27. A method for the treatment of fibrosis which comprises administering to a patient in need of such treatment an effective amount of the pharmaceutical formulation according to claim 24, and wherein the fibrosis is afflicting an organ or tissue selected from liver, pancreas, lung, heart, nervous system, skin, kidneys, bone marrow, lymph nodes, endomyocardium, and retroperitoneum.

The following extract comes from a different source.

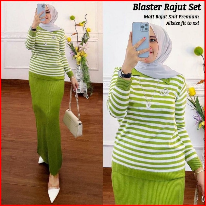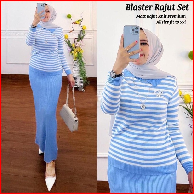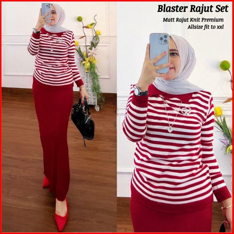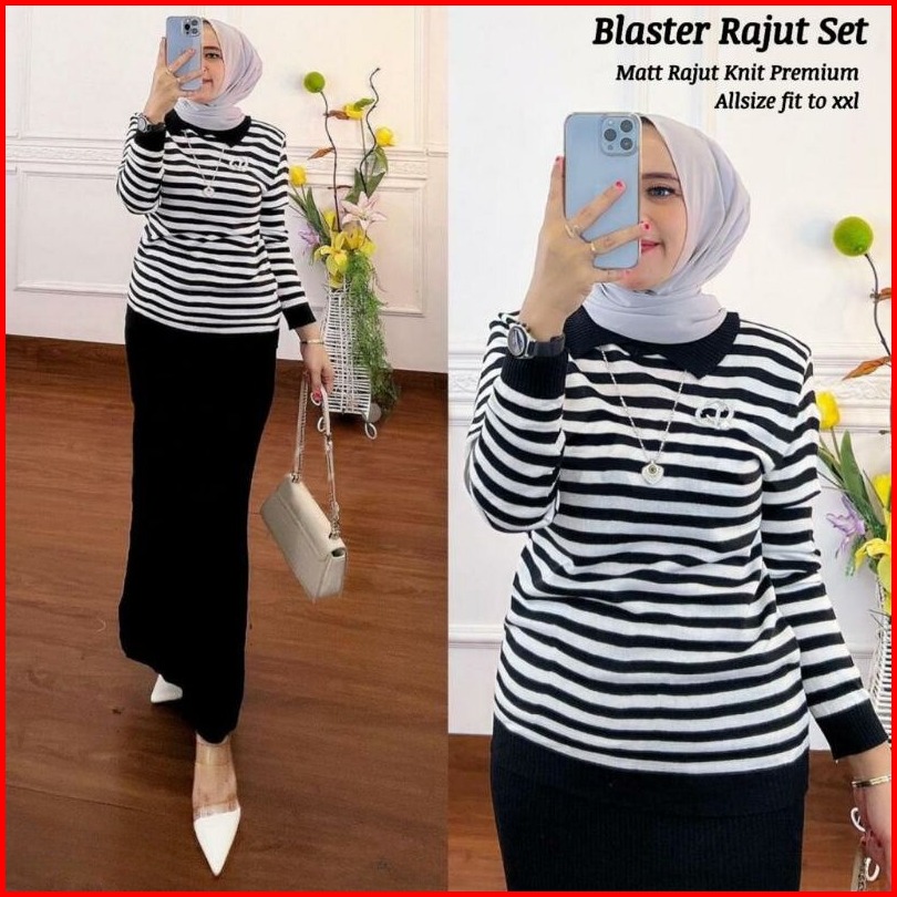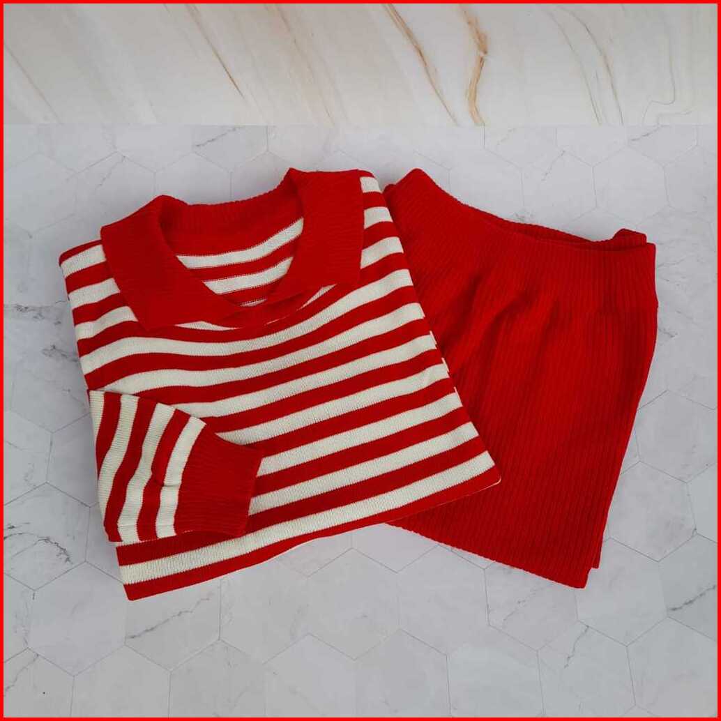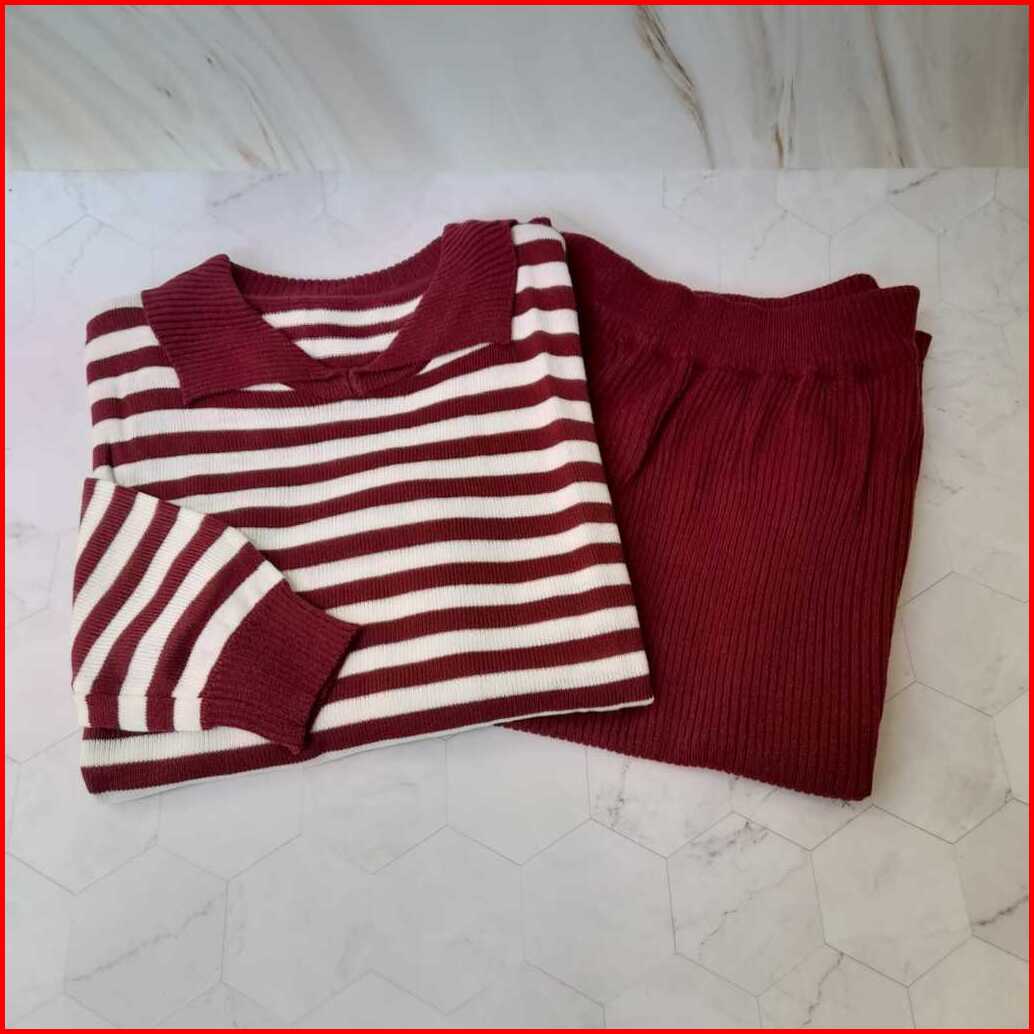 Maraya Knitwear Oneset Knit Atasan Kerah Motif Striped Rok Span - Setelan Rajut Wanita Tangan Panjang

28. A method of treatment, comprising administering to a patient in need of such treatment an effective amount for treating said disease or condition of the pharmaceutical formulation according to claim 24, wherein the disease or condition is a member selected from the group consisting of cirrhosis, diffuse parenchymal lung disease, post-vasectomy pain syndrome, tuberculosis, sickle-cell anemia, rheumatoid arthritis, progressive massive fibrosis, idiopathic pulmonary fibrosis, injection fibrosis, renal fibrosis, myelofibrosis, cardiac fibrosis, liver fibrosis, pancreatic fibrosis, skin fibrosis, scleroderma, intestinal fibrosis or strictures, and mediastinal fibrosis.

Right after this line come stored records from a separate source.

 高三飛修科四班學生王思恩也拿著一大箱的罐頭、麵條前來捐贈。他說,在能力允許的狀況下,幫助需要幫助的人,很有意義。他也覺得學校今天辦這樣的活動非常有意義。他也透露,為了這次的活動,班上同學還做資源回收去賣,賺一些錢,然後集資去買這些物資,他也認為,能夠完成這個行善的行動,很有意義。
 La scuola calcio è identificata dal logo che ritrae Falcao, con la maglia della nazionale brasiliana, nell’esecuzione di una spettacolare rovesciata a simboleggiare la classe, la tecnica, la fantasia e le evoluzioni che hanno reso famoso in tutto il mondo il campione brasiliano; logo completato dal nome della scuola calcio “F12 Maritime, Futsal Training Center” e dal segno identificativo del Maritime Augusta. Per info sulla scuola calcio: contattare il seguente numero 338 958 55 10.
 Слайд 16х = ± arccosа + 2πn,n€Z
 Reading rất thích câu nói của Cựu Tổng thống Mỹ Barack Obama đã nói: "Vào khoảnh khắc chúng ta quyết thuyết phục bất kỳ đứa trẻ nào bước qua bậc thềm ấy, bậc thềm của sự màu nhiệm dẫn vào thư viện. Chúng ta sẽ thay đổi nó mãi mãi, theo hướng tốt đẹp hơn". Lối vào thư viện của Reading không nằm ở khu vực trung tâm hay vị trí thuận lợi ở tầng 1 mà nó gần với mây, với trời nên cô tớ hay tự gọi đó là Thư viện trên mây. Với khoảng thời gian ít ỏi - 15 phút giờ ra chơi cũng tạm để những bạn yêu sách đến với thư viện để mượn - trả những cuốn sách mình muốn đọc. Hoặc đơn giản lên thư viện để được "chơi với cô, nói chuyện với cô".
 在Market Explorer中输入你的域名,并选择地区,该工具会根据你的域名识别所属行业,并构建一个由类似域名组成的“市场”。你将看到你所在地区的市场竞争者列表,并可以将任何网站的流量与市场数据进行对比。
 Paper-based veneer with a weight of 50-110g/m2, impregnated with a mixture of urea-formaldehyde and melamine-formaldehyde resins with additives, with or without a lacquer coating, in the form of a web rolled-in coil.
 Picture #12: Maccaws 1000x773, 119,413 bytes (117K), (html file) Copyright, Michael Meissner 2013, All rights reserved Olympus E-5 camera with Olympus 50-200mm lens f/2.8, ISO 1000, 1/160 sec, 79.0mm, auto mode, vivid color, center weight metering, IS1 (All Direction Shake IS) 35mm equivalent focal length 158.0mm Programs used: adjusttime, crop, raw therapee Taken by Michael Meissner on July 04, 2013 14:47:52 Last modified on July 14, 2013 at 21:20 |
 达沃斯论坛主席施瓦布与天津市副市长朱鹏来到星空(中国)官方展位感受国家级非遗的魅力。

29. A pharmaceutical formulation comprising a dendritic cell expanded from CD34⁺ progenitor cells or bone marrow cells treated with Flt3 ligand.

30. A method for increasing the amount of dendritic cells in a mammal, comprising administering to the mammal, an effective amount of Flt3 ligand.

31. The method of claim 30, further comprising administering to the mammal an additional cytokine or growth factor.

32. The method of claim 30, wherein Flt3 ligand is administered parenterally.